Smart119 Inc. | Innovation for reliable future medical cares

2022.11.01

A joint study by Smart119 Inc. and Chiba University Graduate School of Medicine and using machine learning to predict mortality and the length of stay of patients admitted to the intensive care unit (ICU) has been published in the international scientific

Potential for contributing to more appropriate therapeutic strategies and allocation of medical resources in ICUs.


Smart119 Inc., a National Chiba University-based medical start-up company (Head office: Chiba, Japan; President/CEO: Taka-aki Nakada), conducted a study using machine learning to establish an algorithm to predict "life prognosis" and "length of stay" for patients in the ICU, verify its accuracy, and elucidate the risk factors for mortality using cluster analysis in collaboration with the Department of Emergency and Critical Care Medicine and the Department of Artificial Intelligence Medicine (both from Graduate School of Medicine, National Chiba University). We are pleased to announce that a research paper summarizing the results of this study (first author: Shinya Iwase, corresponding author: Taka-aki Nakada) has been published in the international scientific journal "Scientific Reports" (published by Nature Research, UK).

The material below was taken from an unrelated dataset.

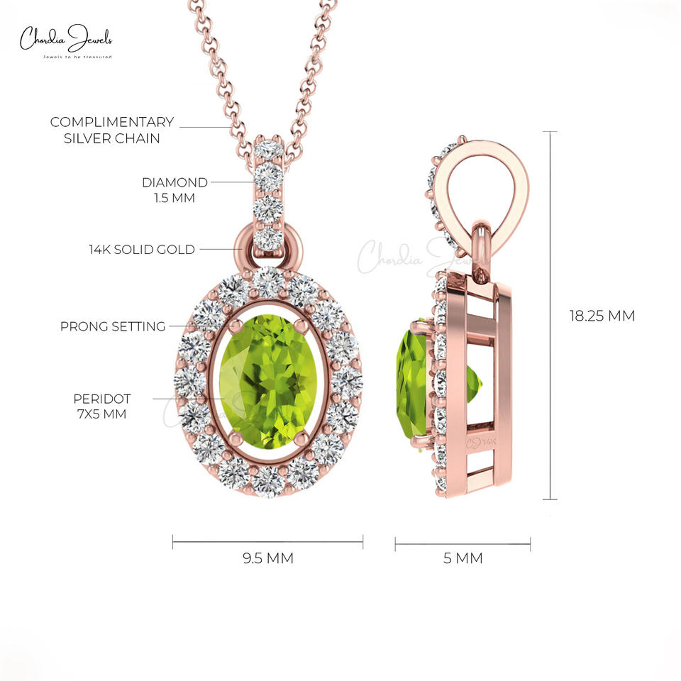 Stylish 14K Solid Gold Peridot Pendant Necklace Dainty Design Diamond Accents Verified Alibaba Supplier for Fine Pendants Charms

â—†Published in: "Scientific Reports", an international scientific journal
Prediction algorithm for ICU mortality and length of stay using machine learning
https://www.nature.com/articles/s41598-022-17091-5


Commenting on this announcement, Dr. Taka-aki Nakada, Smart119 Inc. CEO and Professor at National Chiba University, said, "We have confirmed that the latest AI technology can predict life prognosis and length of stay of ICU patients with high accuracy. It is Smart119's mission to optimize emergency care with advanced ICT."

Smart119 Inc. raised a total of 390 million yen from Sony Innovation Fund, Nissay Capital, Mitsui Sumitomo Insurance Capital, and others.

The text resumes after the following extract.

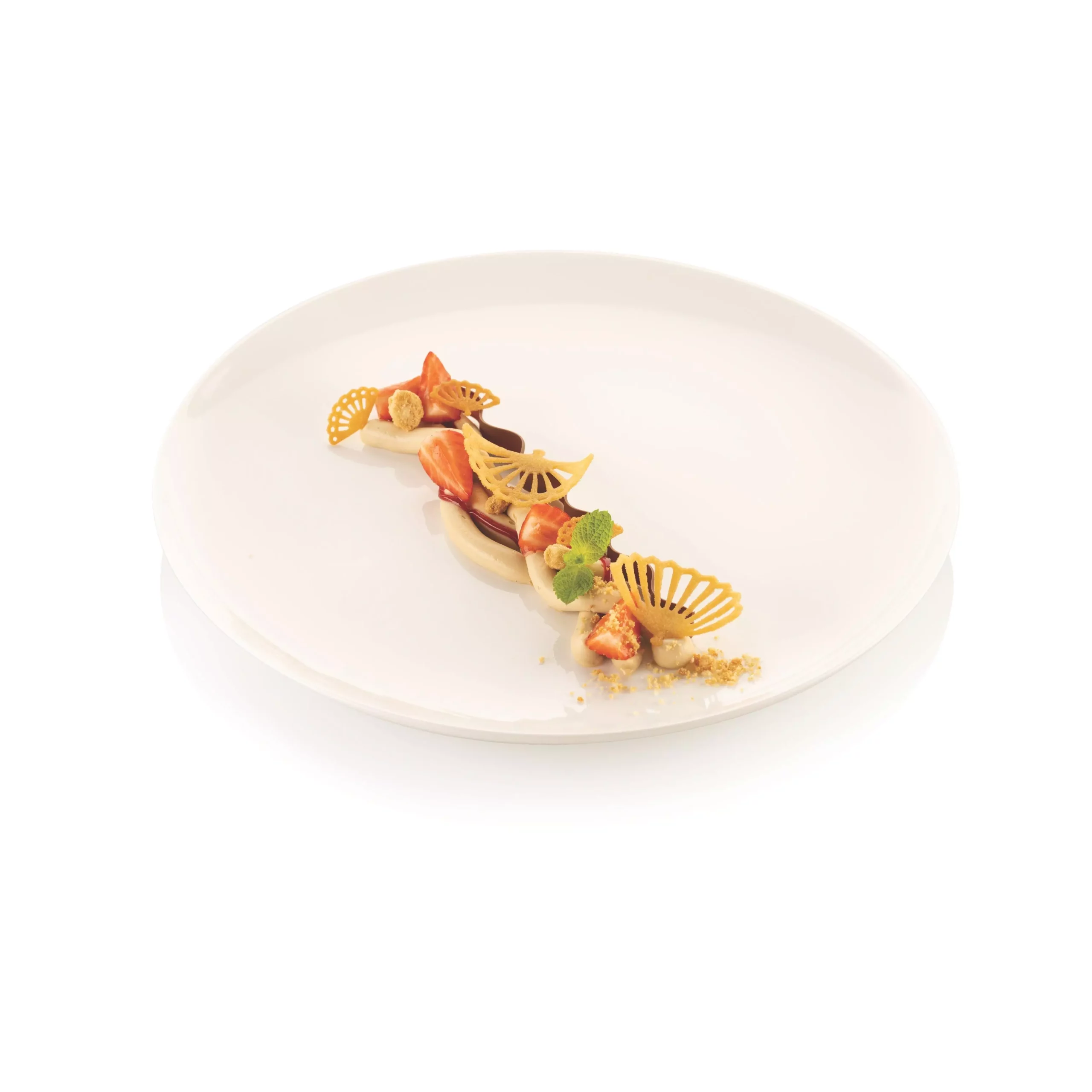De tynde og detaljerede dekorationer kan fremstilles i både pâte à cigarette og chokolade og er perfekte til portionsdesserter, tallerkenanretninger og eksklusive gourmetpræsentationer. For øget fleksibilitet kan silikonemåtten klippes langs de angivne retningslinjer, så den nemt tilpasses forskellige arbejdsbehov i køkkenet.

Potential to contribute to more accurate medical decision and allocation of medical resources in ICUs

A huge amount of data is collected in ICUs, where critically ill patients are constantly monitored using advanced medical equipment. It is not easy for doctors and nurses on site to grasp and analyze all those big data. On the other hand, big data is suitable for machine learning analysis, and machine learning of vital data such as blood pressure, respiration, heart rate, and blood data may be able to predict the prognosis and severity of a patient's condition. If the prognosis and length of stay of ICU patients can be predicted with high accuracy, it may lead to better clinical decision-making, treatment decisions, and allocation of medical resources.

Based on this perspective, Shinya Iwase, Specially-Appointed Professor of Department of Emergency and Critical Care Medicine, Graduate School of Medicine, Chiba University, et al. conducted a study to establish an algorithm to predict "life prognosis," "stays within one week among survivors," and "stays over two weeks among survivors" of patients admitted to the ICU, verify its accuracy, and clarify the risk factors of death. In this research, which is expected to contribute to advances in predictive medicine for ICU patients, Smart119 Inc. was mainly responsible for analyzing big data using machine learning and developing algorithms for predicting mortality and length of stays.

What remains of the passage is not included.